TASK STATEMENT:
Drop all pictures and repeat exactly the lines from the line holding "Variational wavefunction for" through the end of the records.

++++ ENTRIES SHOWN ++++

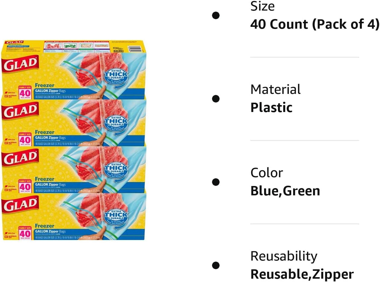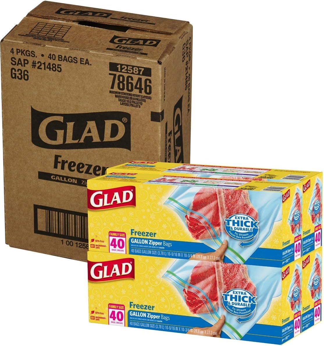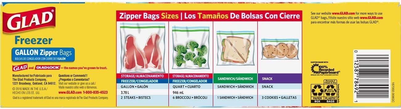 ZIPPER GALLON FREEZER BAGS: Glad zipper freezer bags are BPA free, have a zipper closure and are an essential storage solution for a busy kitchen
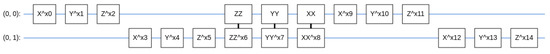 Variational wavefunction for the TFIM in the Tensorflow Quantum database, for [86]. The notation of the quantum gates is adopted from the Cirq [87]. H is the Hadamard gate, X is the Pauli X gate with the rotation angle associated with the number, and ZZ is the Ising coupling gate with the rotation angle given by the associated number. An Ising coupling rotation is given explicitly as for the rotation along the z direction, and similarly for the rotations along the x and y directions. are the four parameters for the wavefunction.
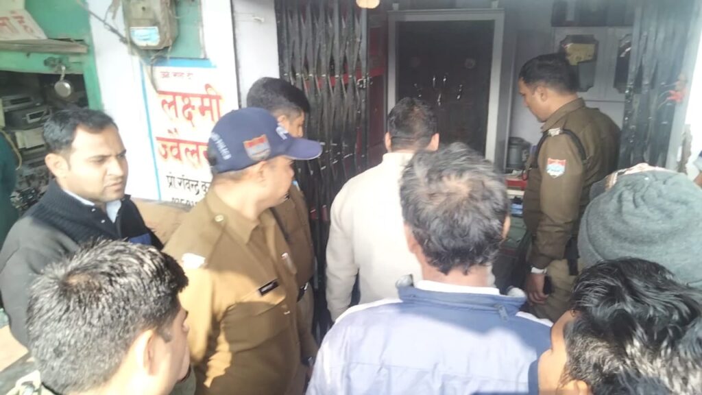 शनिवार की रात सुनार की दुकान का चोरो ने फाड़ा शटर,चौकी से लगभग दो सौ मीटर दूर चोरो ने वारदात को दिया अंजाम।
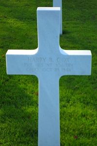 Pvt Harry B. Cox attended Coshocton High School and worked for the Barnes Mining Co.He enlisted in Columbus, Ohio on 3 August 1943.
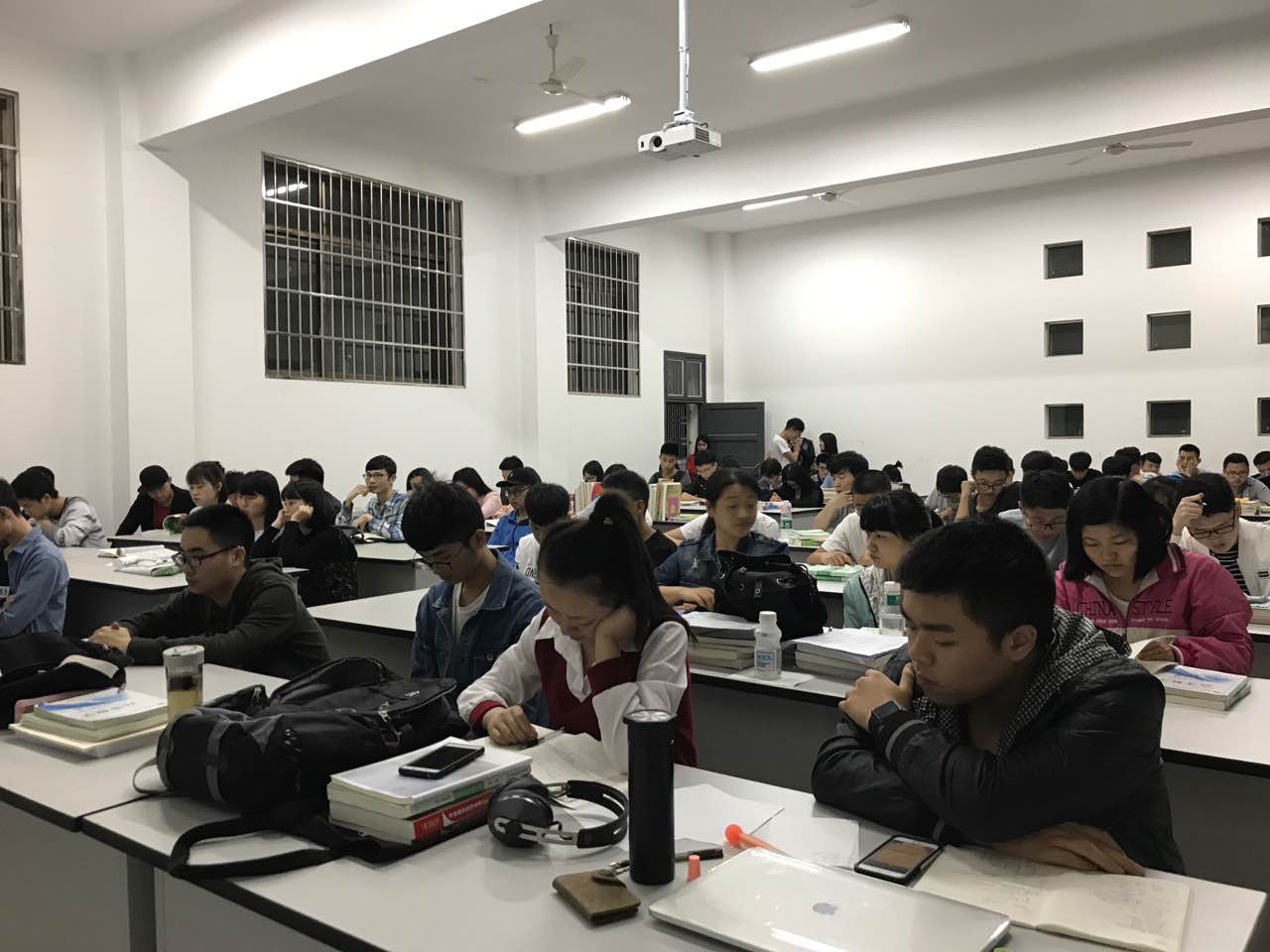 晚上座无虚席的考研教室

++++

EXERCISE RESPONSE:
 Variational wavefunction for the TFIM in the Tensorflow Quantum database, for [86]. The notation of the quantum gates is adopted from the Cirq [87]. H is the Hadamard gate, X is the Pauli X gate with the rotation angle associated with the number, and ZZ is the Ising coupling gate with the rotation angle given by the associated number. An Ising coupling rotation is given explicitly as for the rotation along the z direction, and similarly for the rotations along the x and y directions. are the four parameters for the wavefunction.
 शनिवार की रात सुनार की दुकान का चोरो ने फाड़ा शटर,चौकी से लगभग दो सौ मीटर दूर चोरो ने वारदात को दिया अंजाम।
 Pvt Harry B. Cox attended Coshocton High School and worked for the Barnes Mining Co.He enlisted in Columbus, Ohio on 3 August 1943.
 晚上座无虚席的考研教室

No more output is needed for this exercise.